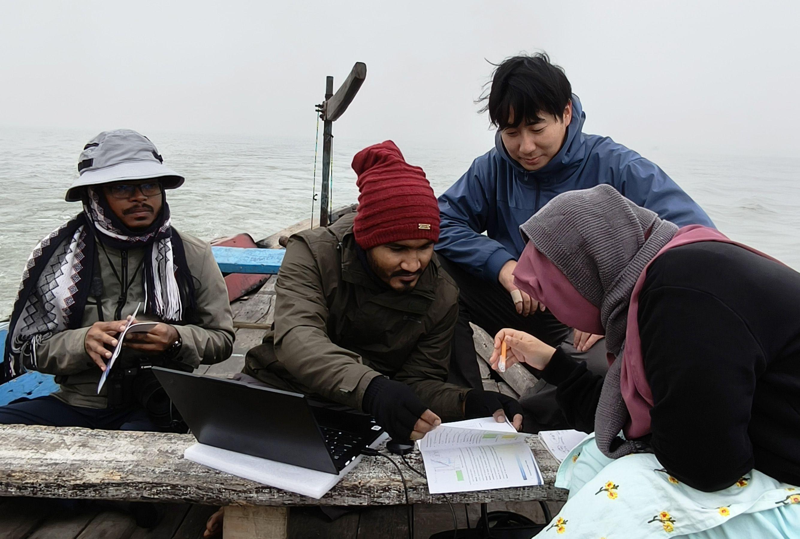 1月6日,孟加拉国贾木纳河和帕德玛河的交汇处,郝玉江与动物声学工程师陈宇维、博士研究生周昊杰,完成对濒危动物“恒河豚”为期一周的监测考察。
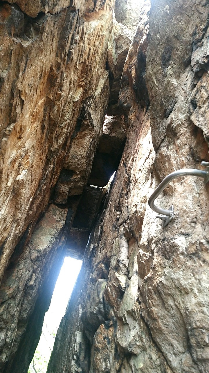 제2봉 바위로 오르는 길 바위틈에 뿌리내린 소나무에 매인 밧줄이 낡아 헤어져 위태롭다. 돼지 울음소리도 들리지 않는데... 바위봉 위에서 위 쪽을 보면 제1봉이 당장이라도 덮쳐 올 듯하고 아래쪽으로는 갈라진 바위들이 흘러내릴 듯 위태롭다.
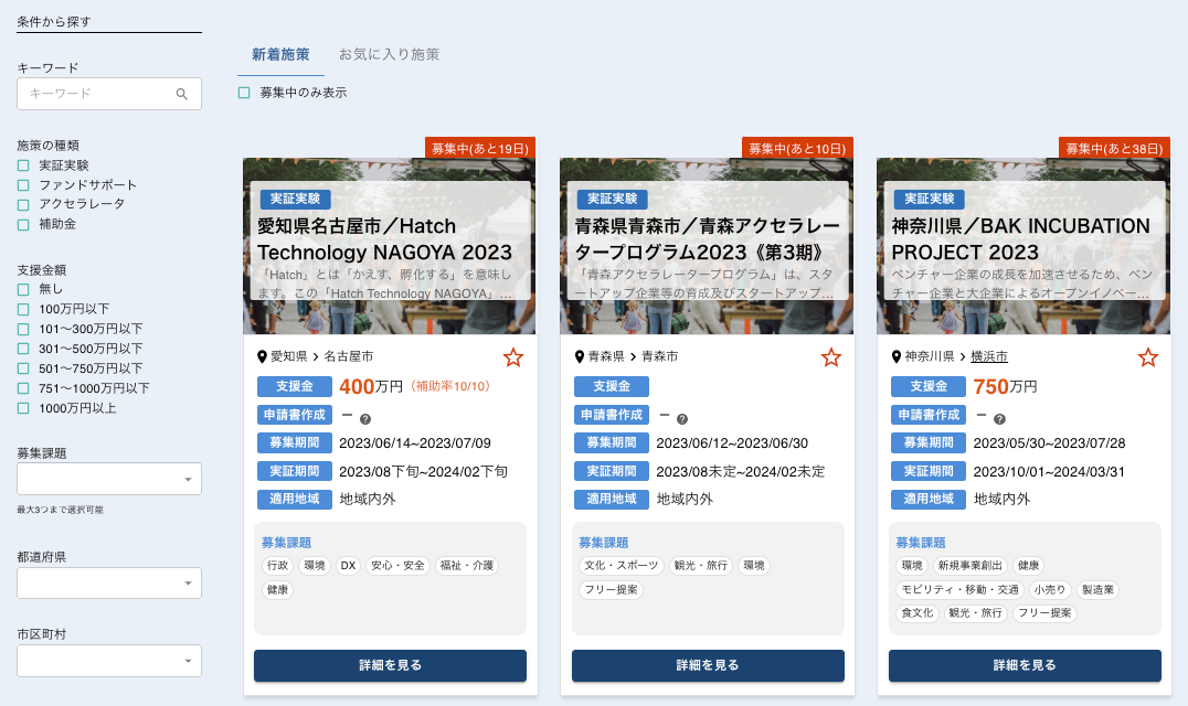 施策の種類、支援金額、募集課題の分野、地域などによって施策の検索が可能になりました。各企業に合った施策を閲覧いただけます。
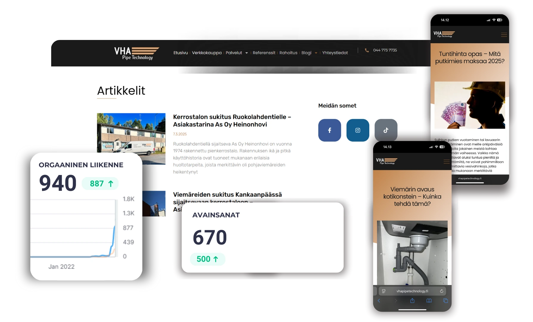 Lopputuloksena VHA saa nyt yhteydenottoja ja tilauksia verkosta jatkuvasti. Verkkosivusto on nyt yrityksen tärkein myynnin ja asiakashankinnan kanava. Kasvu ei ollut sattumaa, vaan se rakennettiin.
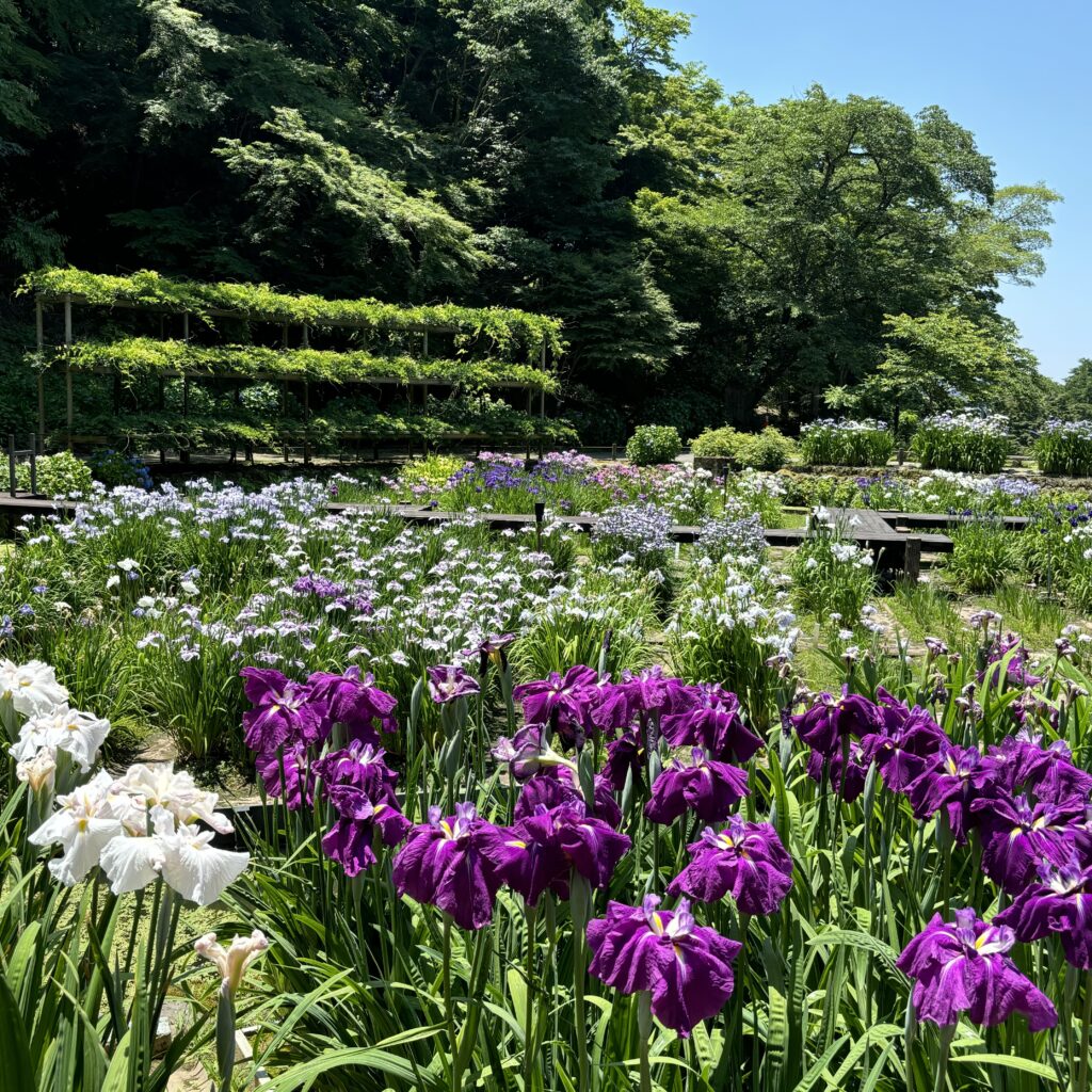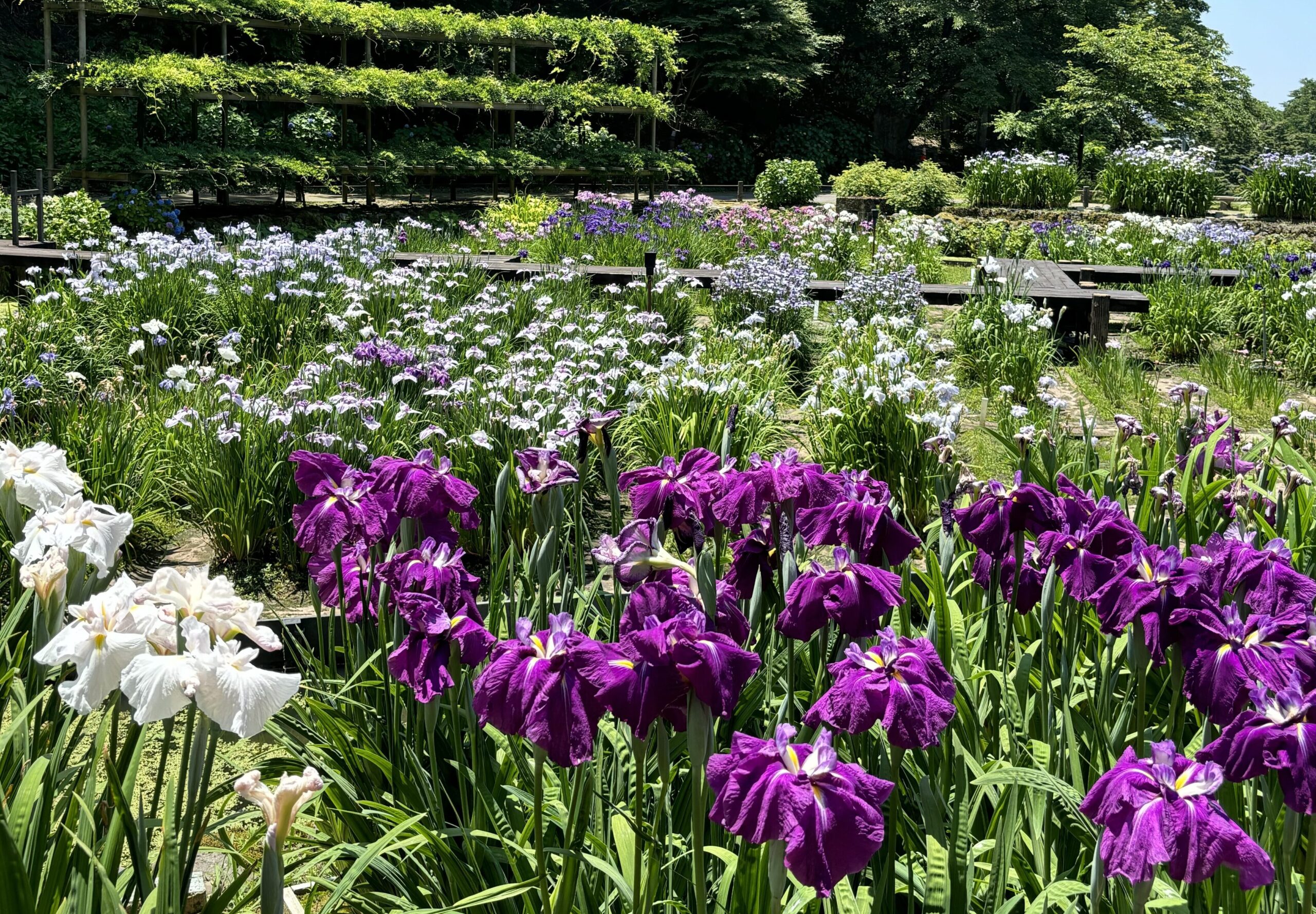 園内ではちょうど菖蒲が見頃を迎えており、その周囲には紫陽花も咲き始めていました。紫と青の花々が織りなす景色はまさに季節のコラボレーション。強い日差しの下でも、花たちは凛として咲き誇っていました。
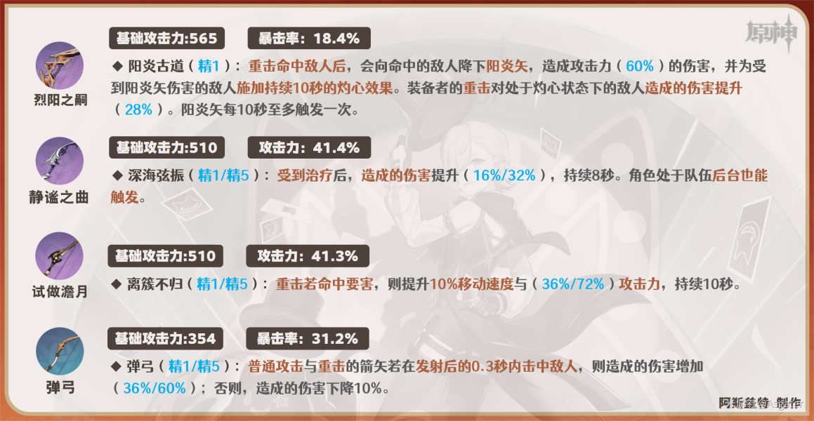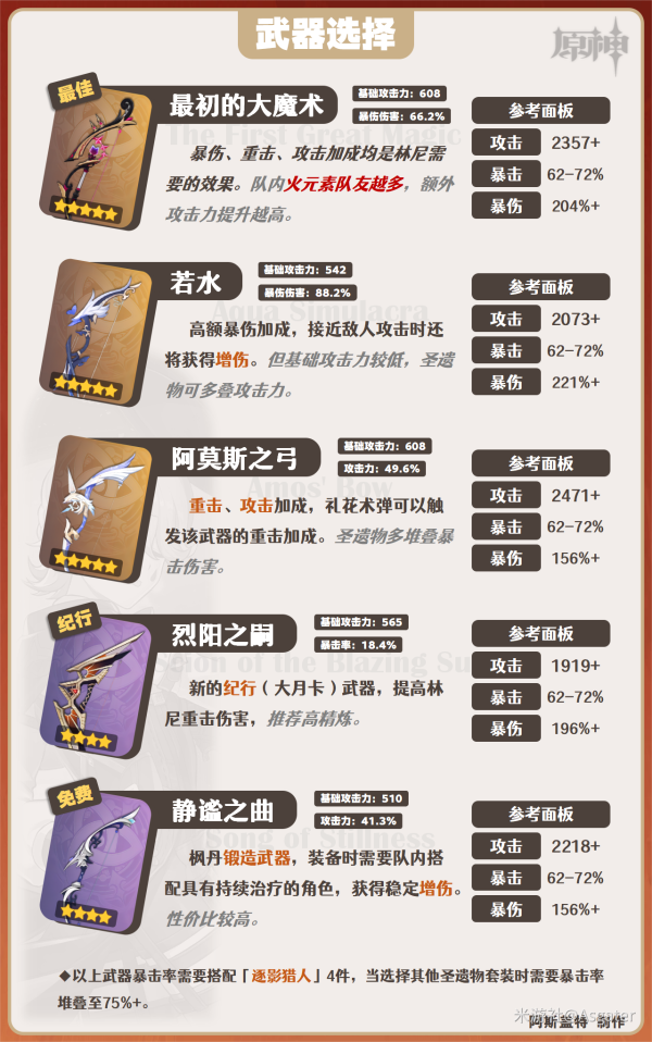 ①.弹弓:需要队内提供攻击力加成的手段,弥补低基础攻击力的不足。前期圣遗物较差时,用以“拔高”暴击率。
------------------------------------------------
** ASSIGNMENT **
Using the material above, restate word for word the lines from the line that has "園内ではちょうど菖蒲が見頃を" to the last line, inclusive, with pictures omitted.

** RESULT BELOW **
 園内ではちょうど菖蒲が見頃を迎えており、その周囲には紫陽花も咲き始めていました。紫と青の花々が織りなす景色はまさに季節のコラボレーション。強い日差しの下でも、花たちは凛として咲き誇っていました。
 ①.弹弓:需要队内提供攻击力加成的手段,弥补低基础攻击力的不足。前期圣遗物较差时,用以“拔高”暴击率。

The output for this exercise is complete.